> Activity:
Transcribe the entries exactly. Start at the top, stop after the line with "モロッコのリヤドは中庭付きの", and omit every picture.
Data section below:
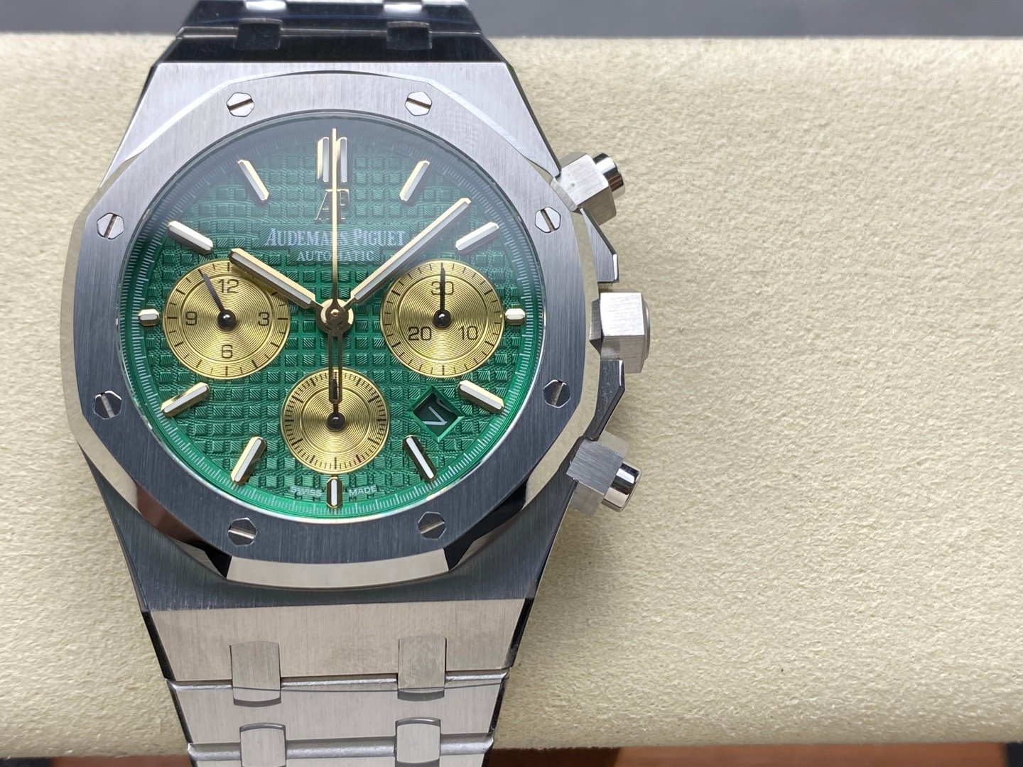 Audemars Piguet Royal Oak 26331OR Chronograph uses the same Swiss movement as the original. The 316 stainless steel case is brushed and partially polished, showing a unique temperament of exquisiteness and toughness. The rugged 41mm dial is full of power and has a super luminous display, which allows you to read the time in any environment.
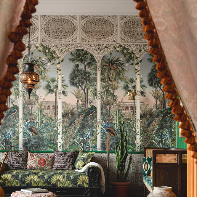 モロッコのリヤドは中庭付きの伝統的な宿泊施設です。ほとんどのリヤドは昔の上流階級の人が住んでいた家です。時を経てその家がリノベーションされて、ゲストハウスになりました。このデザインはそんなゲストハウスの窓からの景色を描きます。中庭のアーチの間に生茂っている植物と孔雀が砂漠にいることを忘れさせるくらいカラフルなオアシスを作ります。オアシスを眺める立派なリヤドにあなたの空間を変えてみませんか。
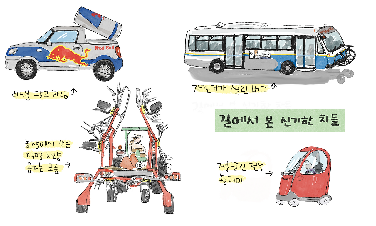 길에서 볼 수 있는 자동차는 어느 나라 가든 똑같다고 생각하겠지만 그래도 나라마다 조금씩 다르다. 캐나다 차들은 앞유리와 앞 좌석은 선팅이 금지라서 운전자들의 얼굴을 알아볼 수 있고 버스에는 자전거를 실을 수 있는 랙이 있다. 부차드 가든을 가는 길에는 농기계를 끌고 가는 아저씨를 보았는데, 단연코 그 농기계는 내가 본 차 중에 가장 용도를 알 수 없었다. 커다란 레드불을 싣고 다니는 홍보 차량을 보고도 나는 신기해했는데 네모남자는 한국에서도 흔히 볼 수 있다고 했다. 그리고 노인들은 전체가 닫힌 형태, 지붕만 달린 것, 그냥 휠체어 등 각양각색의 이동 보조수단을 타고 다니셨다.
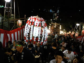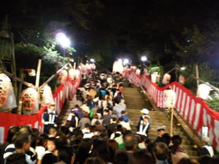 万灯を抱えて石段を登るのはとても大変そうです。
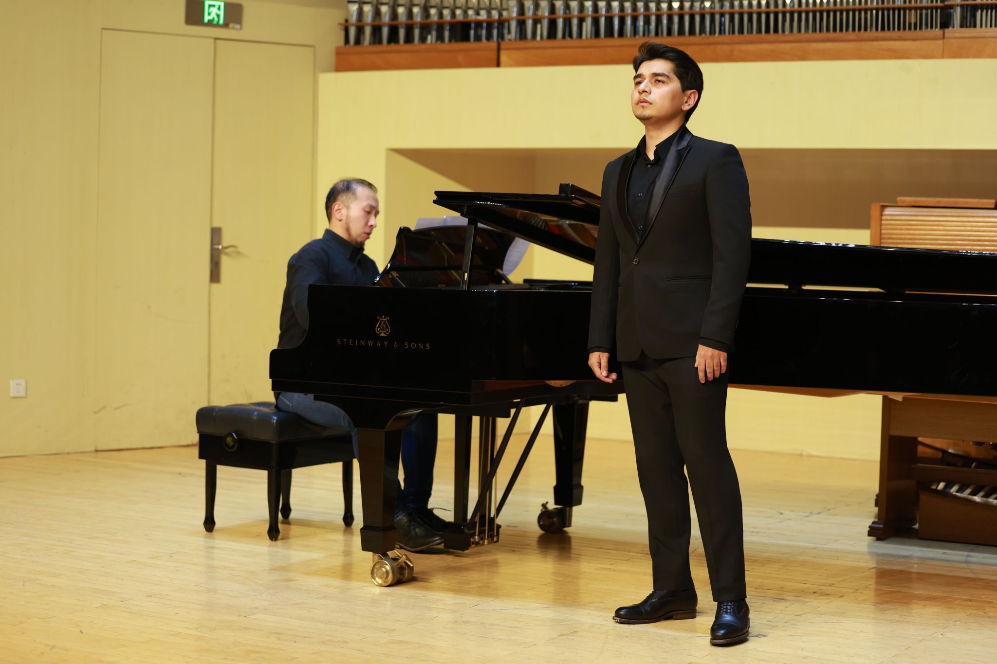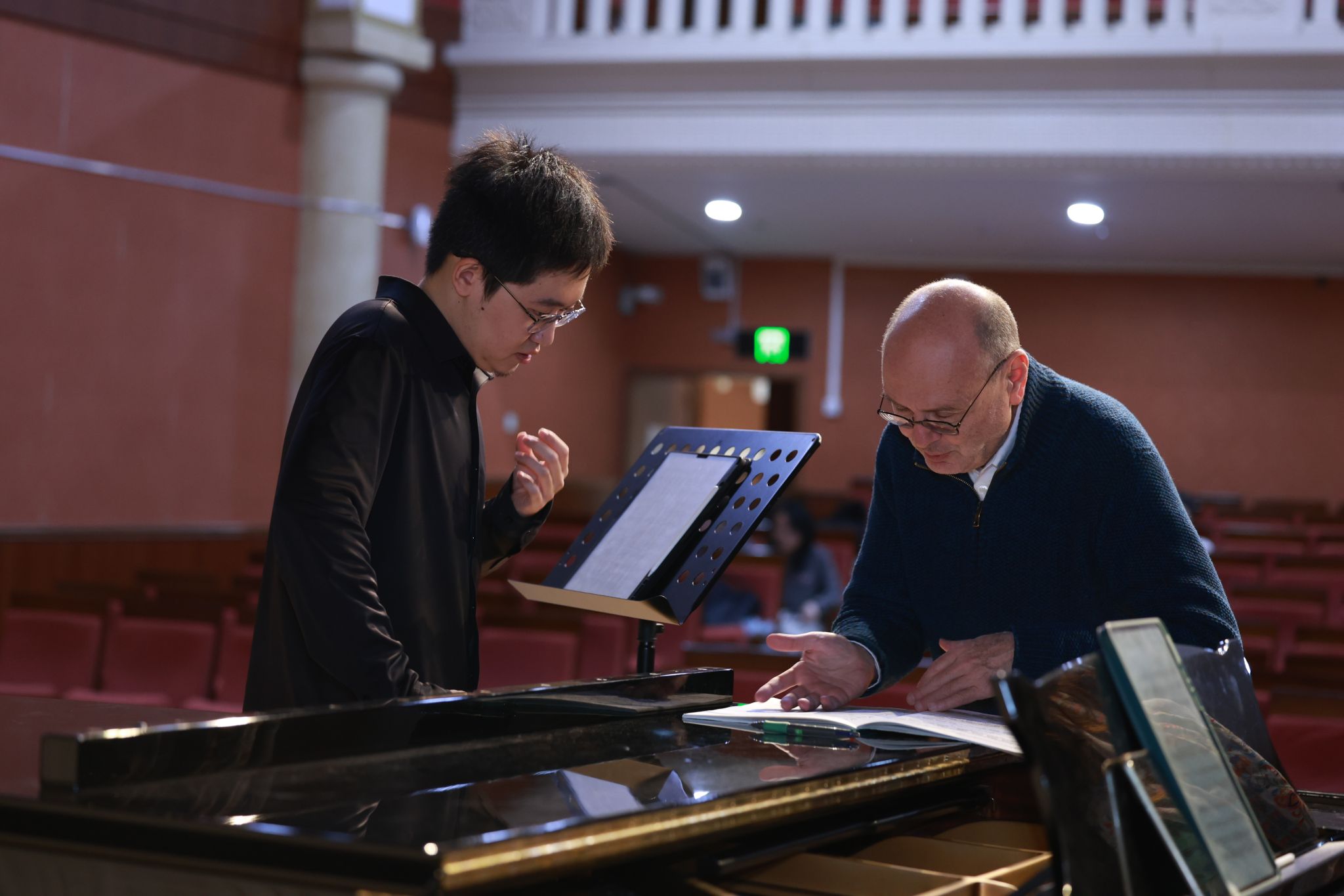 现场演奏配合方面,由于音乐厅空间较大,双钢琴摆放位置较远,声音的传递会有延迟,两位老师充分利用双钢琴的大音量起伏,准确把握声乐演员的呼吸和节奏,用肢体的默契和同步的呼吸达到了高度契合。
End of Data section.
> Solution for this exercise:
 Audemars Piguet Royal Oak 26331OR Chronograph uses the same Swiss movement as the original. The 316 stainless steel case is brushed and partially polished, showing a unique temperament of exquisiteness and toughness. The rugged 41mm dial is full of power and has a super luminous display, which allows you to read the time in any environment.
 モロッコのリヤドは中庭付きの伝統的な宿泊施設です。ほとんどのリヤドは昔の上流階級の人が住んでいた家です。時を経てその家がリノベーションされて、ゲストハウスになりました。このデザインはそんなゲストハウスの窓からの景色を描きます。中庭のアーチの間に生茂っている植物と孔雀が砂漠にいることを忘れさせるくらいカラフルなオアシスを作ります。オアシスを眺める立派なリヤドにあなたの空間を変えてみませんか。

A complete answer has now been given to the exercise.